Dataset content Block Start

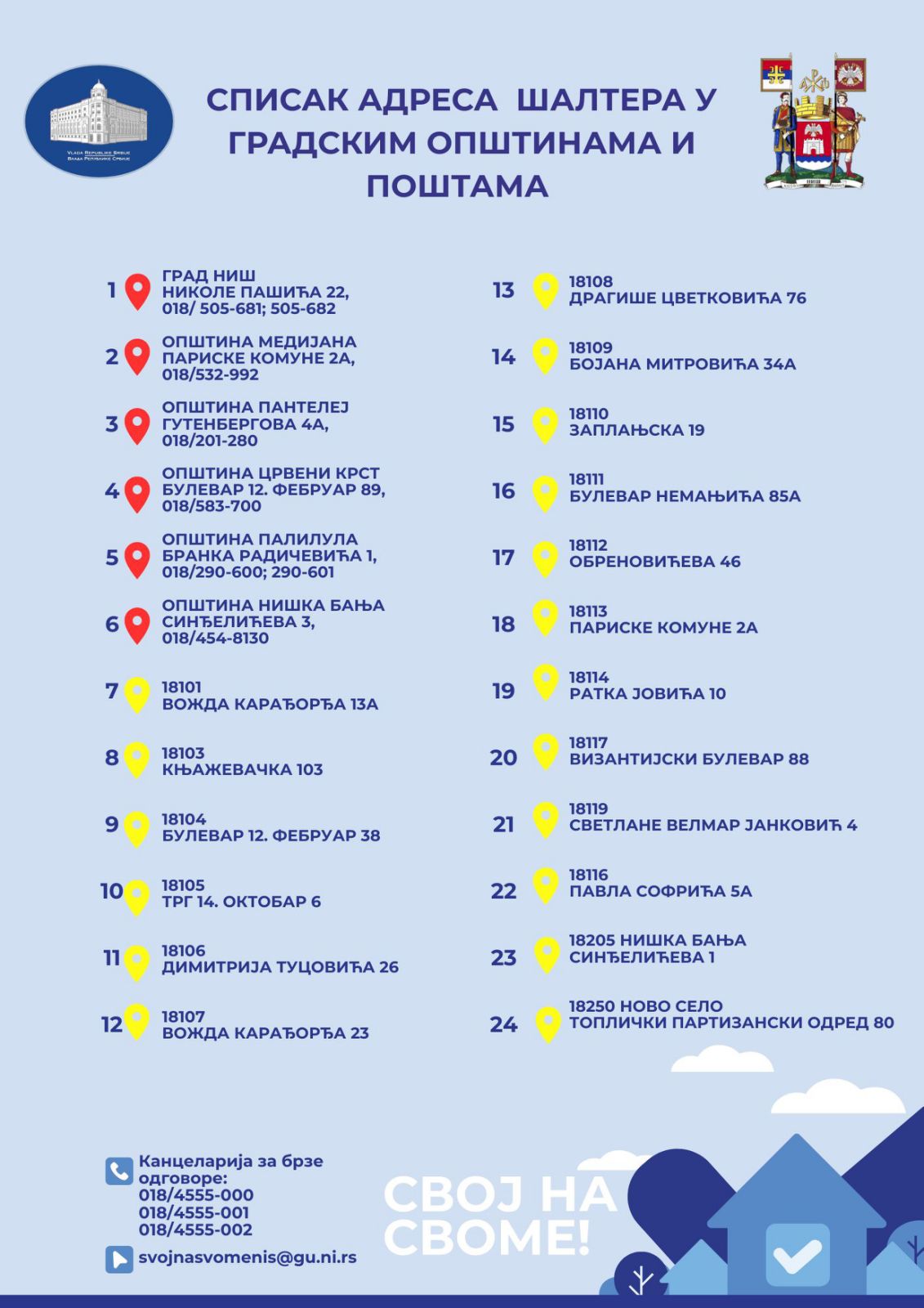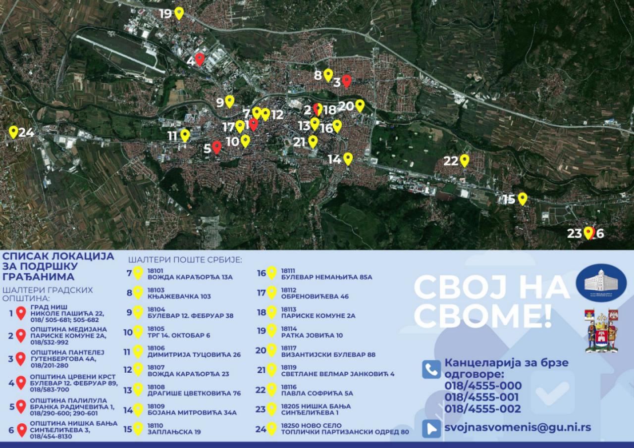 Od 8. decembra građani Niša moći će da započnu postupak upisa svojine po zakonu „Svoj na svome“ na više od 20 lokacija širom grada. Kako je izjavio većnik Ivan Grmuša, šalterska mesta biće otvorena u svim gradskim opštinama, na adresi Nikole Pašića 22, kao i u svim poslovnicama Pošte.
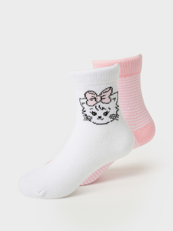 Носки детские трикотажные для девочек, 2 пары в комплекте (22-24, белый,светло-розовый)(PlayToday)
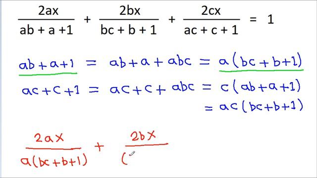 A Very Nice Algebra Problem Find the value of x : abc = 1 2ax/(ab+a+1) +2bx/(bc+b+1) + 2cx/(ac+c+1) = 1
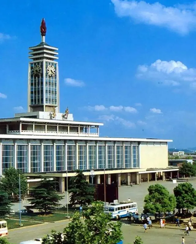 这栋大楼顶上立着火炬和大钟,远远就看得见,站前广场树影一大片,长途车在阴影里打盹,爸妈拉着箱子小心看包,广播里一遍遍催客。
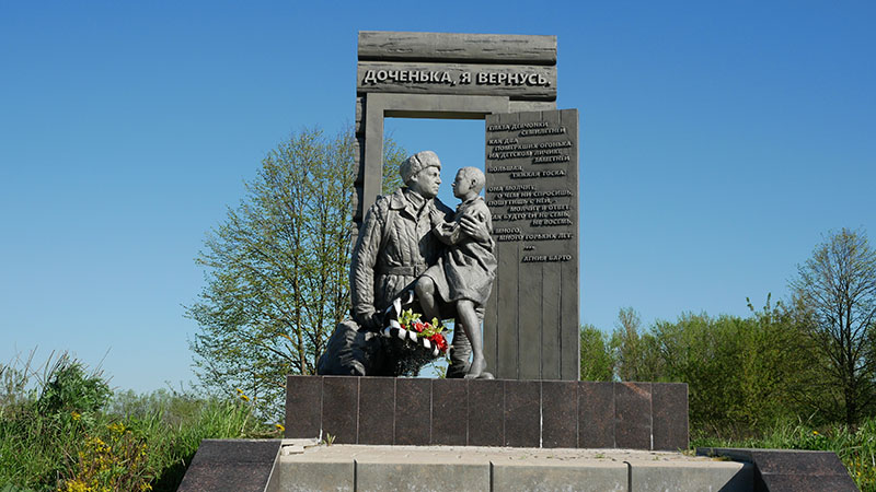 От Козельска совсем недалеко до Белёва – через границу областей. Приехали мы в Белёв, доехали к новому военному памятнику – посвященному не только солдатам, но и их детям.
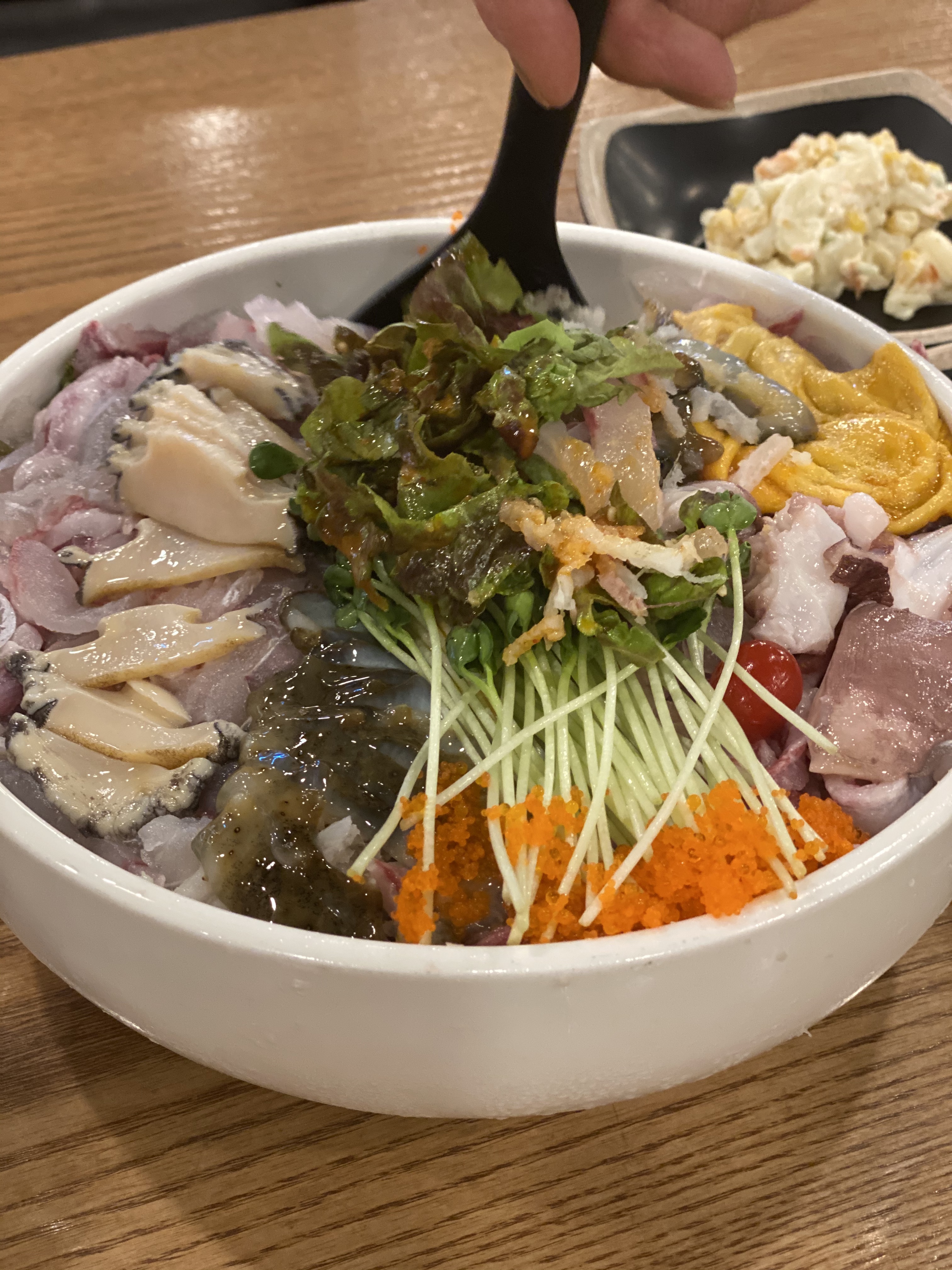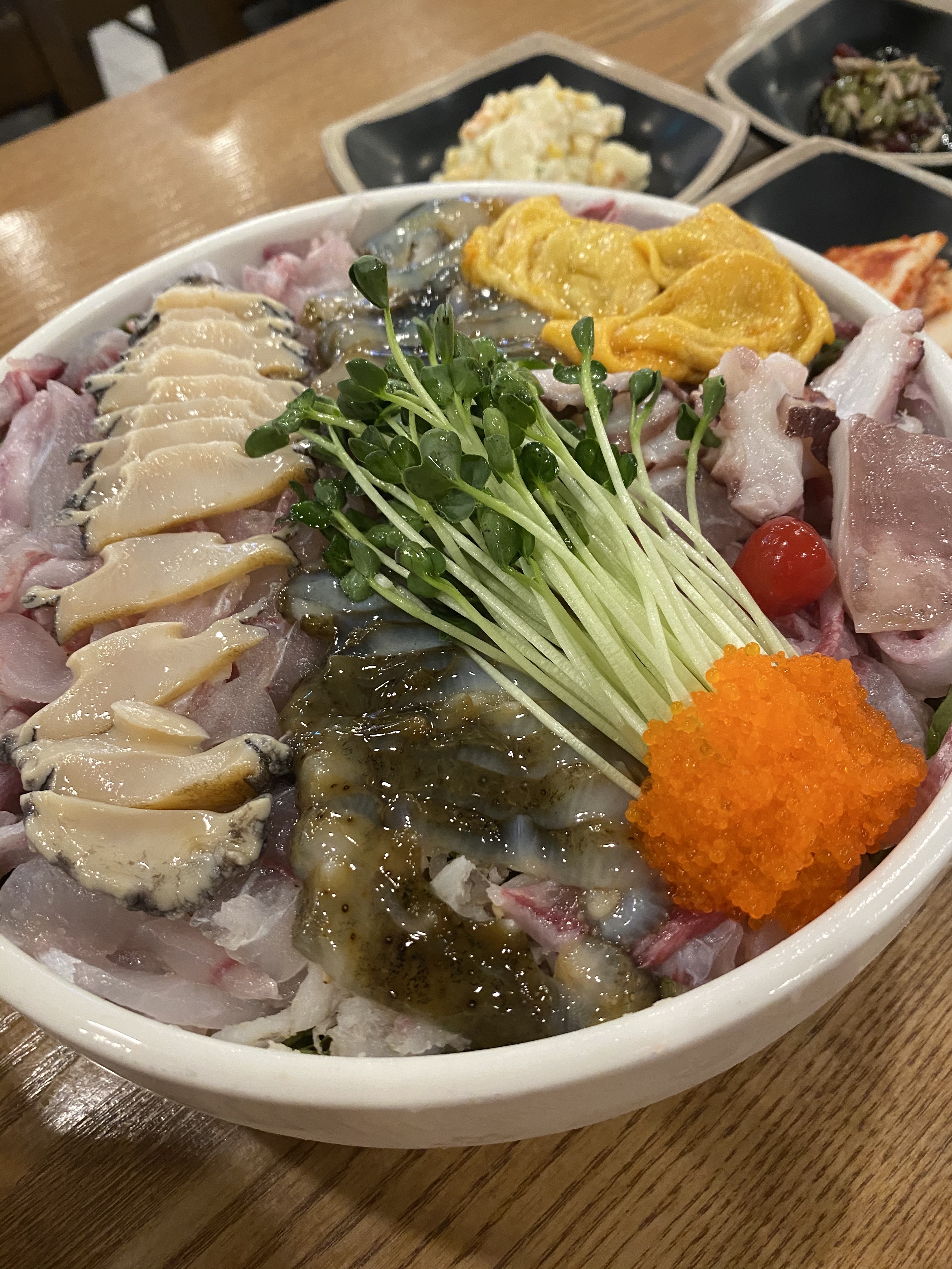 사진에서 보여지는 것처럼 아래 물회의 얼음이 깔려있고 위에 전복, 회, 멍게 등을 예쁘게 올려놓고 이걸 국자로 비빈 후 나눠먹는 것이다. 어느정도 먹었다 싶으면 애기공기 사이즈의 밥이나 국수를 말아먹으면 된다. 어린이가 있는 집은 사실 다른 메뉴를 시켜야 할 것 같다. 하지만 어지간한 다른 메뉴는 포지셔닝이 애매한... 결국 이 집은 물회 먹으러 와야 한다.
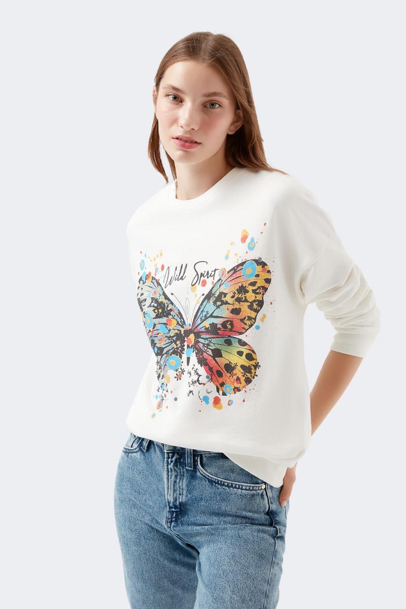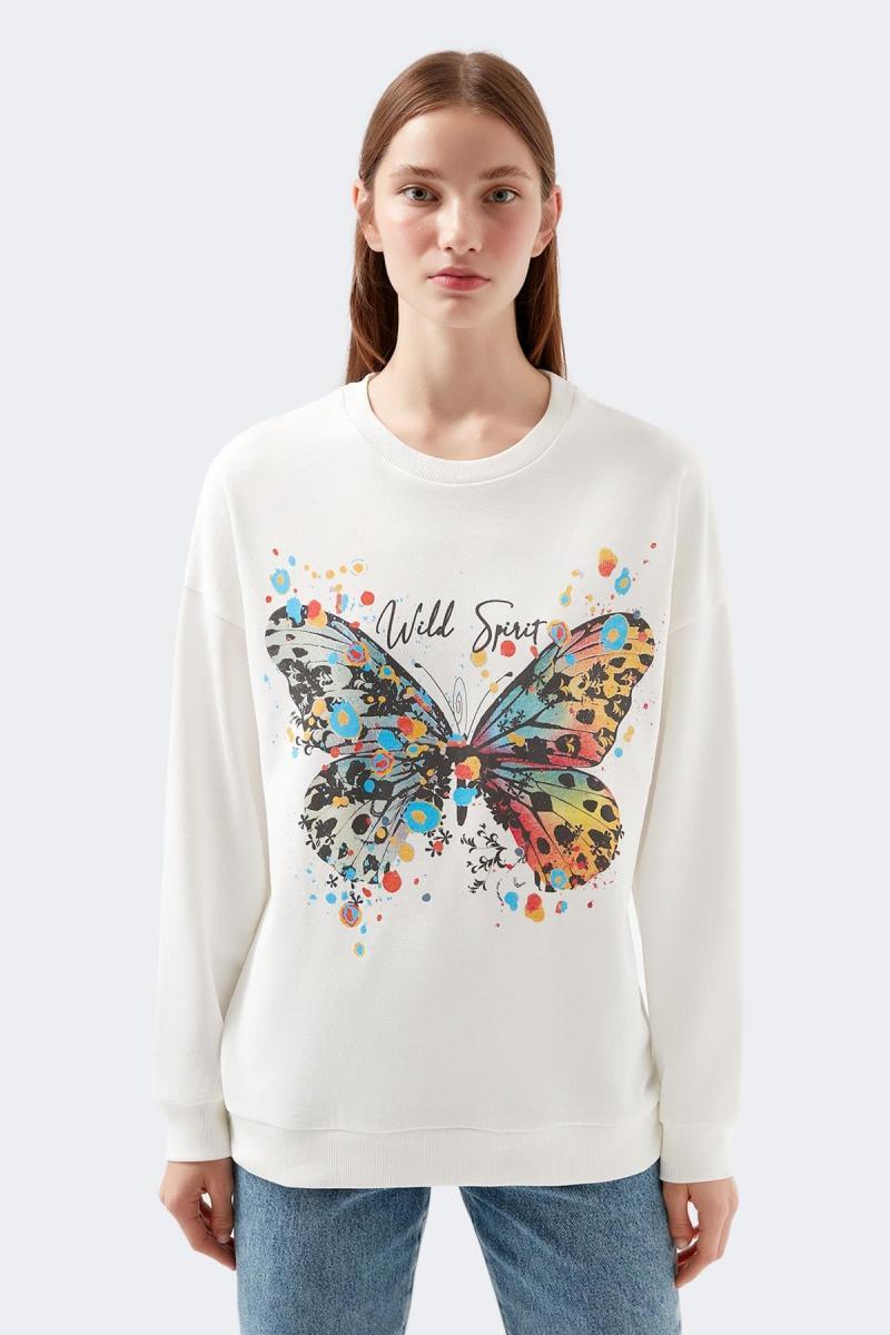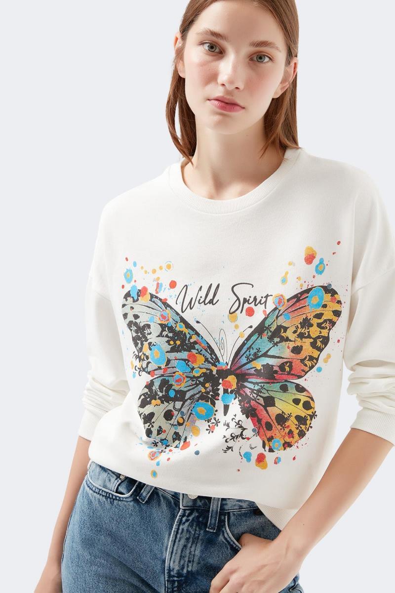 Mavi Kelebek Baskılı Kadın Sweatshirt (1600412-32158)
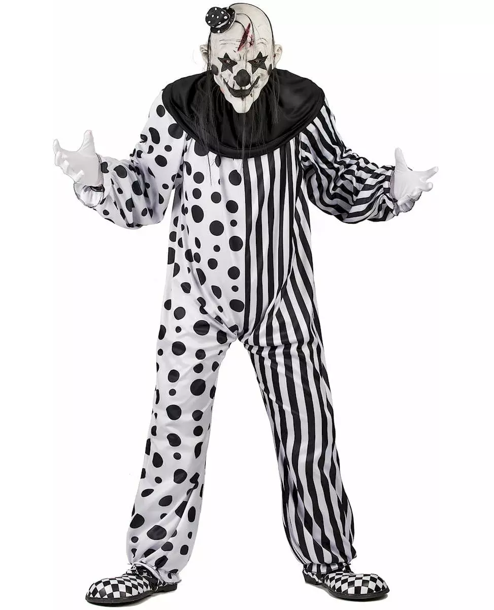 Dress up as a creepy clown for Halloween This fantastic horror clown costume is for adults and includes a jumpsuit and a mask. The clown costume has elasticated wrists and ankles to create a traditional look. A black satin collar and an asymmetrical print complete the clownish look of this costume. The mask is made of latex and is full-face and has some scattered long hair. For a horror night where If you don't want to be recognized, this costume will be ideal for Halloween night, for example! Accessories included: Jumpsuit Mask
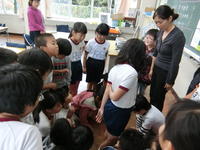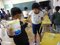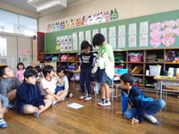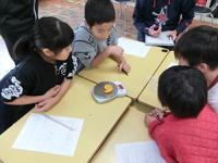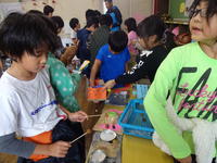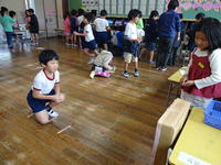 1年生手作りのおもちゃで、「けんだま」「魚釣り」「たいこ」「的あて」「的入れ」「やじろべえ」「マラカス」などを笑顔で楽しんでいました。1年生のおかげで、2年生は楽しいおまつりに参加することができました。
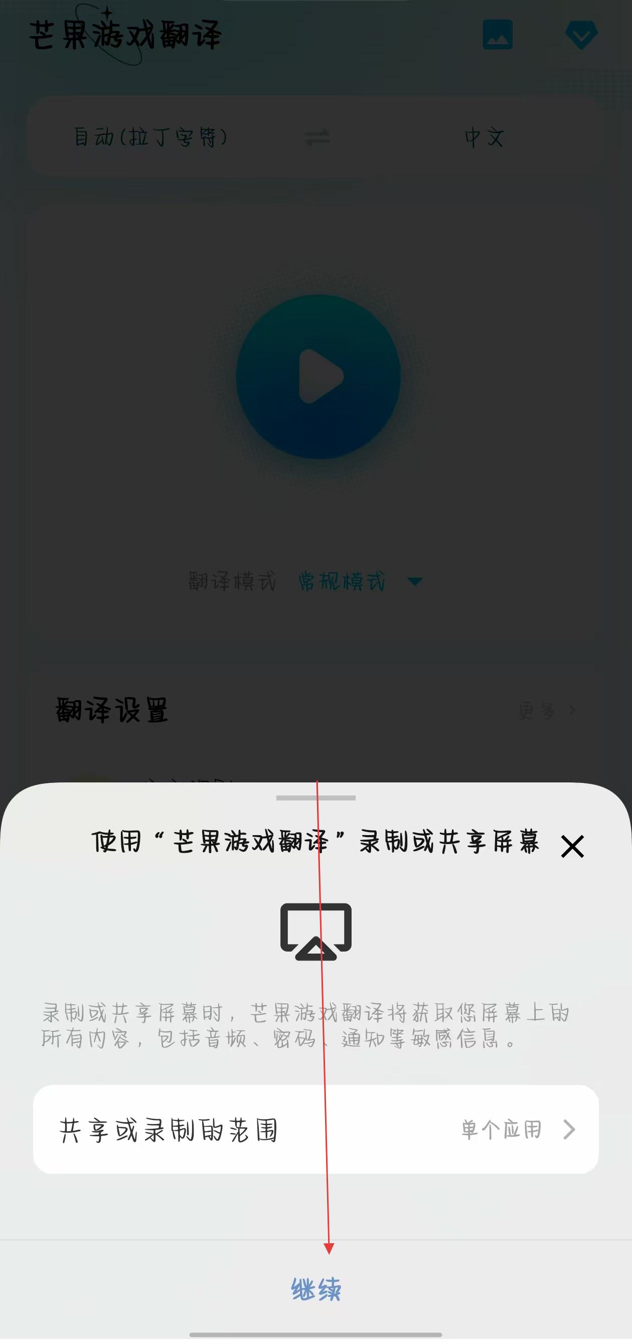 3、開啟后會出現(xiàn)使用芒果游戲翻譯錄制或共享屏幕的提示,點(diǎn)擊該提示下方的繼續(xù)按鈕。

Dataset content Block End

Look above and copy only the lines from the one holding "这栋大楼顶上立着火炬和大钟,远远就看得见" to the one holding "Mavi Kelebek Baskılı", both included, exactly, minus the pictures.

 这栋大楼顶上立着火炬和大钟,远远就看得见,站前广场树影一大片,长途车在阴影里打盹,爸妈拉着箱子小心看包,广播里一遍遍催客。
 От Козельска совсем недалеко до Белёва – через границу областей. Приехали мы в Белёв, доехали к новому военному памятнику – посвященному не только солдатам, но и их детям.
 사진에서 보여지는 것처럼 아래 물회의 얼음이 깔려있고 위에 전복, 회, 멍게 등을 예쁘게 올려놓고 이걸 국자로 비빈 후 나눠먹는 것이다. 어느정도 먹었다 싶으면 애기공기 사이즈의 밥이나 국수를 말아먹으면 된다. 어린이가 있는 집은 사실 다른 메뉴를 시켜야 할 것 같다. 하지만 어지간한 다른 메뉴는 포지셔닝이 애매한... 결국 이 집은 물회 먹으러 와야 한다.
 Mavi Kelebek Baskılı Kadın Sweatshirt (1600412-32158)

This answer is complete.